Daniel Solis: Publisher at Smart Play Games and designer of Light Rail

I was testing a bluffing/deduction game inspired by Liar’s Dice, where if you lost a wager you’d lose one card from your hand limit. If you ran out, you were eliminated. The last player standing was the winner.

Unfortunately, this led to runaway losers because a smaller hand size made it that much more difficult to make educated guesses about the overall game state. The game was too long and un-fun.

The Eureka moment came when a playtester suggested flipping the win/lose condition on its head. Instead, running out of cards is a good thing that you’re trying to achieve. This makes a natural catch-up mechanism as the player furthest in the lead has the least information to work with.

Since then, I’ve always kept an open mind about victory conditions when I hit designer’s block. Instead of wanting the most X, maybe you want the fewest? Instead of the tallest building at the end of the game, you want it tallest in the middle and then tear it down as quickly as possible? Sometimes there is a juicy design space in “shoot the moon” mechanisms, too.

Ed Marriott: Co-Publisher at Moon Yeti Games and designer of Scoville

My eureka moments are few and far between. But one moment of note was when I realized you could buy 1000 assorted cubes from EAI Education for around $20. That made my prototyping so much faster.

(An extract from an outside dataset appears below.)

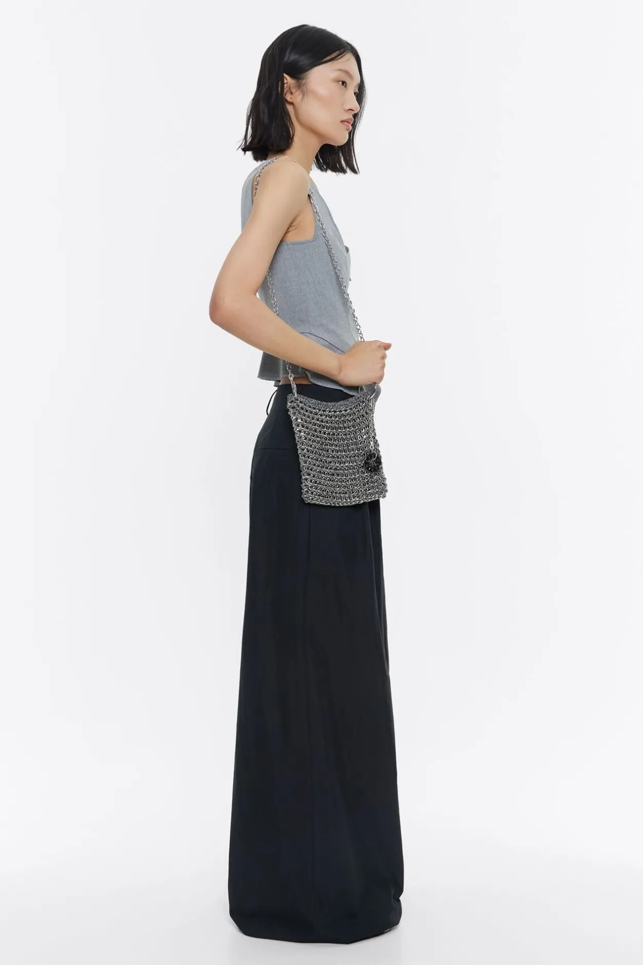 Bolso Saca De Crochet Con Cadena En Color Plata. Modelo De TamaÑO Mini, Cierre MagnÉTico Y Asa De Cadena. Exterior Personalizado Con Charm Con Chimo MetÁLico.

I use the cubes all the time. It’s funny to me that sourcing components is my eureka moment so I’ll give another eureka moment.

When designing Scoville, I fumbled over the grid design for a while with how best to have it operate. When I stopped thinking about it and just chose the simplest method everything in the game fell into place. Sometimes it’s easier to just go with something and test it rather than toil over numerous design iterations in your head. Get your games on the table! You might be amazed at the results.

Kyle Hendricks: Co-Designer of Bountytown

When design started on Bountytown, it was originally supposed to be a Touch of Evil re-theme. My eureka moment was sitting in a meeting room at my day job, thinking about the core conceits of the game, and it hit me hard. The “spaghetti west” is always misrepresented as super white and male. Bountytown then took a MAJOR shift as the main goal was to provide a voice for often under represented folk. Because of that, we took huge changes with mechanics and breaking from our other “formulas” which made it what it is today!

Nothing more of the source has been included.